Gülcan Kaplan - Yardımseverlik, Türk toplumunun en önemli özellikleri arasında yer alıyor. Dini, ırkı ne olursa olsun, komşu ülkelerden Asya'nın uzak noktalarına, Amerika'dan Afrika'ya kadar dünyanın neresinde deprem, tsunami, sel, yangın olsa, kuraklık ya da yoksulluk gibi nedenlerle açlık, sefalet, salgın hastalıklar baş gösterse, Türkiye'nin yardım eli oraya uzanıyor.
Son dönemde, başta Somalililer olmak üzere kronik açlıkla yüz yüze kalan milyonlarca Afrikalı için geçmiş yıllarda olduğu gibi çocuğundan yaşlısına, ev kadınından iş adamına, öğrencisinden memuruna yediden yetmişe adeta seferber olan Türk halkı, toplanan milyonlarca lirayla yardımseverliğini bir kez daha kanıtlarken, bu hassasiyetin toplumu ayakta tutan en önemli ögelerin başında geldiğini gözler önüne sererek dünyaya örnek oluyor.
Hafızaları çok zorlamadan, arşivleri karıştırmadan hemen akla gelen ve dünyaya örnek gösterilen bu yardımlardan bazıları şöyle:
''Yunanistan ve Pakistan'daki depremlerde felaketzedelerin yardımına ilk Türkiye koşarken, Japonya, Haiti gibi uzak ülkelerdeki depremlerde de yine yaraların sarılması için arama kurtarma çalışmalarına Türk ekipleri katıldı, Türk doktorlar depremzedelerin yardımına gitti.
Endonezya'daki tsumami felaketinin ardından Türk kuruluşları halkın çadır, yemek ve tedavi ihtiyaçlarını karşıladı, Arnavutluk'taki sel felaketinin ardından Türk uçaklarıyla gıda ve yardım malzemesi nakli yapıldı, afetzedelerin tahliyesi sağlandı.
Dünyanın en fakir bölgelerinden birisi olan Sudan'ın Darfur bölgesindeki mülteci kamplarına Sudanlı devlet yetkilileri bile giremezken, Türk yardım dernekleri kolaylıkla kamplara girip yardım dağıtabildi.

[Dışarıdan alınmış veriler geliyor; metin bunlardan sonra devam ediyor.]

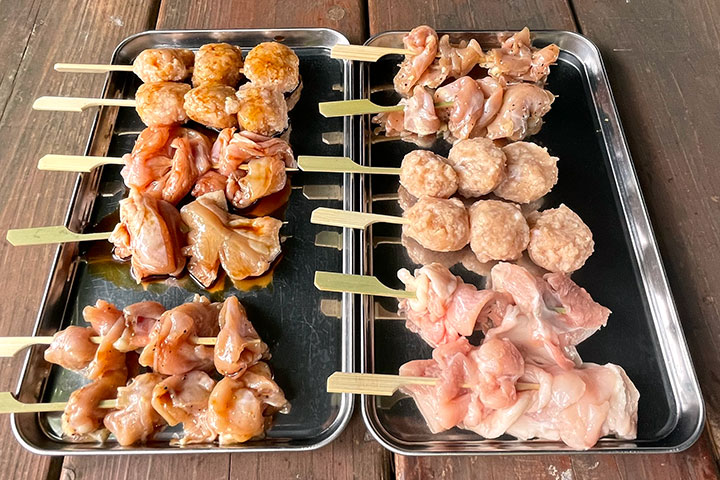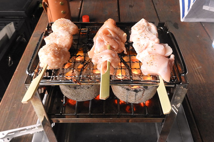 イオンで買った鶏肉を串に刺して焼き鳥。

Nyala'da Kızılay tarafından kurulan sahra hastanesinde Türk doktorları şifa dağıttı.
Yunanistan ve İsrail başta olmak üzere komşu ülkelerde meydana gelen orman yangınlarında Türkiye'den yangın söndürme uçakları gönderildi.
Gönüllü Türk doktorları yıllardır Afrika'ya, Lübnan'a, Filistin'e derman oldu, olmaya devam ediyor.
Libya'da geçtiğimiz aylarda meydana gelen iç karışıklıkta yaralananların imdadına yine Türkiye koştu. Yüzlerce Libyalı yaralı, gemilerle, uçaklarla alınıp Türkiye'ye getirilerek tedavi edildi ve sağlıklarına kavuşmuş olarak ülkelerine gönderildi.''
-''YARDIMI SEVMEMİZ HEM TÜRKLÜK HEM DE İSLAMİYETLE İLGİLİ''-
Türk Kültürü ve Sanat Derneği Başkanı, Celal Bayar Üniversitesi Tıp Fakültesi Öğretim Üyesi Prof. Dr. Ali Vefa Yücetürk, AA muhabirine yaptığı açıklamada, bu yardımseverliğin iki etkene bağlı olduğunu belirterek, ''Bunu bir Türk kültürü, bir de İslam kültürüyle açıklamak mümkün'' dedi.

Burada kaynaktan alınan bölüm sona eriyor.